No parecía haber percibido su presencia hasta entonces. Intentó ponerse de nuevo las bragas apresuradamente, pero las bridas que le ataban las manos no se lo permitían.
—Necesito un cuchillo —le dijo Noah a Oscar.
—¿Por qué? ¿Es que quieres rajarle el cuello a modo de remate triunfal? ¿No has tenido suficiente por hoy?
Noah levantó el brazo sin girarse y le hizo a su acompañante una señal inequívoca de que se callara de una vez.
—No lo hagas más difícil para ella.
—Mira quien habla —farfulló Oscar, pero Noah oía que se dirigía hacia la cocina.
—Ya ha pasado —le dijo en voz baja a Celine—. La mujer y los hombres que la han secuestrado ya no pueden hacerle nada.

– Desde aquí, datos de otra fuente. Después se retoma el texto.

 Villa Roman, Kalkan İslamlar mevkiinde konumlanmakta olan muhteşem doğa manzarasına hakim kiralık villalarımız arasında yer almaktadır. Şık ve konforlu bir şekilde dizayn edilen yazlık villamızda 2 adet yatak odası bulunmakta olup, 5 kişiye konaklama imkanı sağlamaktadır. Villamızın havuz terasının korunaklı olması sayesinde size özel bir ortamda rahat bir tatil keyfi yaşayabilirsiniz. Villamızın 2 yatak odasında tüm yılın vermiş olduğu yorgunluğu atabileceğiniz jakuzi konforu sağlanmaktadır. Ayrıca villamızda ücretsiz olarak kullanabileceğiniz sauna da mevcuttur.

Se abrió un cajón. Los cubiertos tintinearon. Los ruidos familiares, cotidianos parecieron tranquilizar un poco a Celine. Sus labios temblaban, pero formuló su primera frase:
—¿Qué ha pasado?
«Te han llevado a un país extranjero y casi te han violado. Pero esa no es la respuesta que quieres oír, ¿verdad?».
—No lo sé —admitió—. No tengo ni idea cómo hemos acabado aquí.

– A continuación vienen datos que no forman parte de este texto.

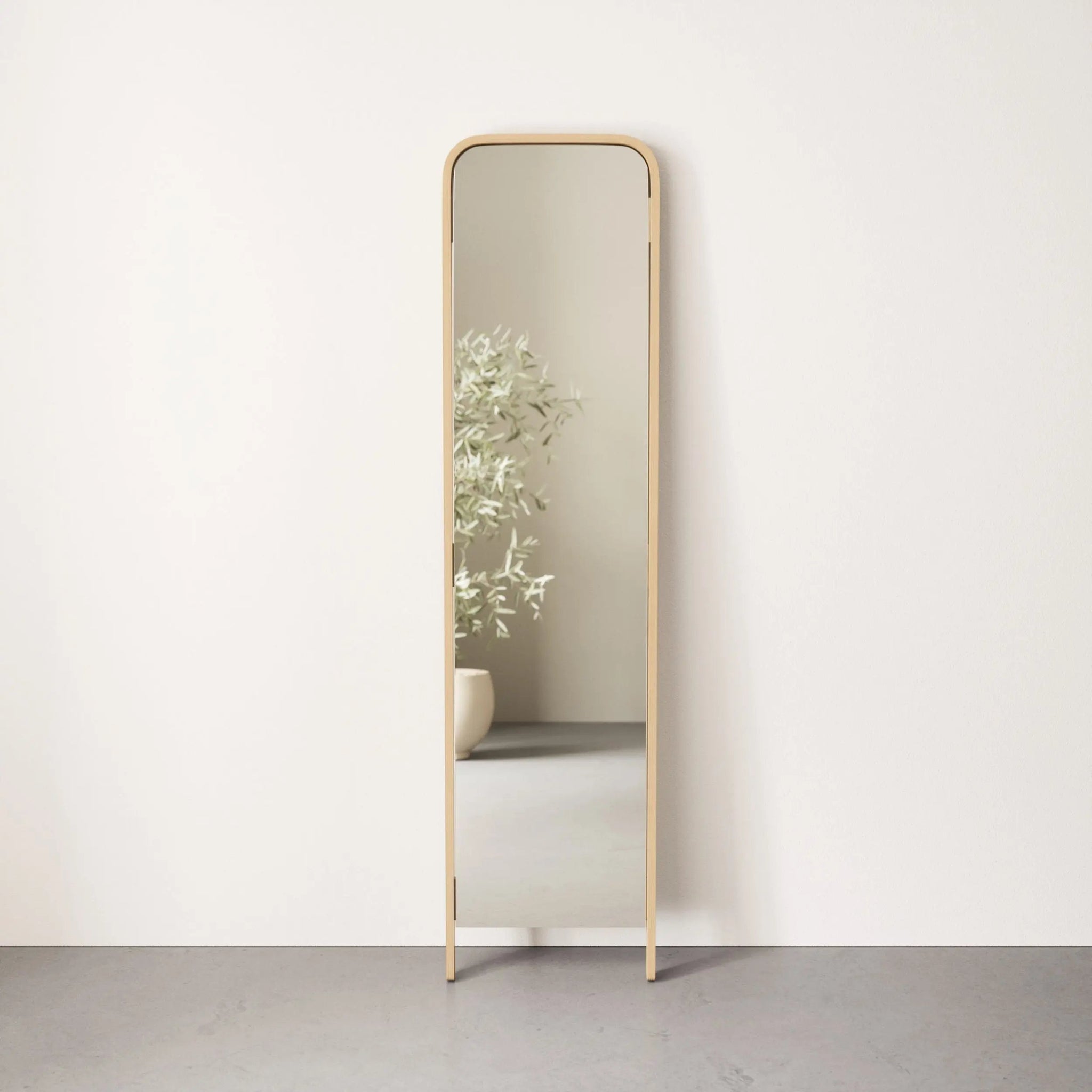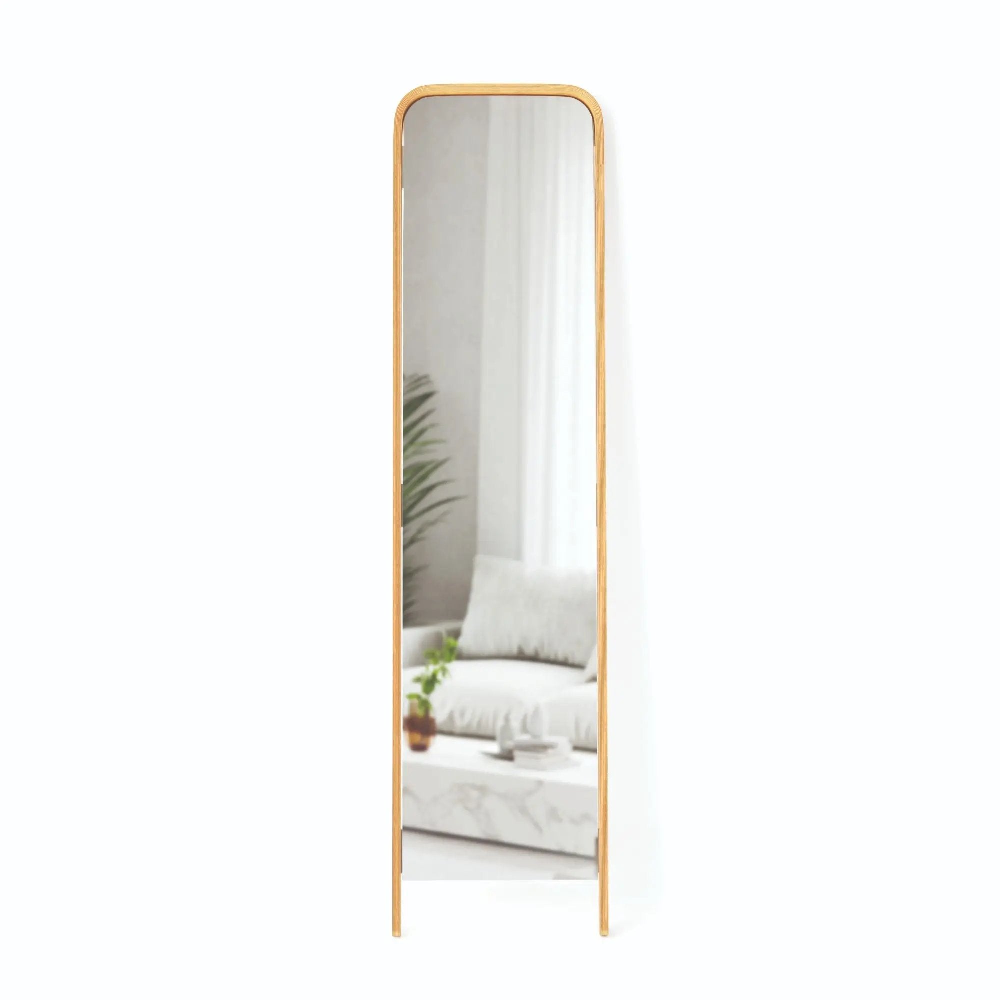 Umbra Bellwood Leaning -peili on näyttävä sisustuselementti, joka vetää katseet puoleensa missä tahansa tilassa. Sen kaunis kehys on valmistettu vastuullisesti hankitusta saarnista ja eukalyptuspuusta, mikä tuo peiliin luonnollista lämpöä ja kestävyyttä. Tyylikäs muotoilu ja luonnonmateriaalien harmoninen yhdistelmä tekevät siitä ajattoman lisän niin moderniin kuin klassiseenkin sisustukseen.

«Camino entre la niebla con una linterna y no encuentro el camino».
Noah le apartó un mechón de pelo húmedo de los ojos.
—¿Dónde están esas tijeras? —gritó y se volvió.
La cocina abierta estaba desierta.
«¿Oscar?».
—Eh, ¿qué está pasando aquí?
Se puso de pie. La reportera enseguida comenzó a temblar otra vez. Los ojos se le llenaron de lágrimas.
—No tengas miedo —susurró Noah. Entonces, más alto—: Oscar, maldita sea, ¿dónde te has metido?
Nada. Solo el crepitar de la chimenea.
Miró a Amber. Al guardián muerto. A Celine. Y entonces lo oyó. Nervioso. Chillando.
—Rápido. Ven aquí. Enseguida.
Su voz sonaba apagada, como si atravesara una pesada puerta.
—¿Dónde estás? —gritó Noah. Fue a la cocina y cogió la ametralladora de la encimera.
Oscar respondió como desde muy lejos.
—Aquí, atrás, grandullón. Corre. Deberías ver esto.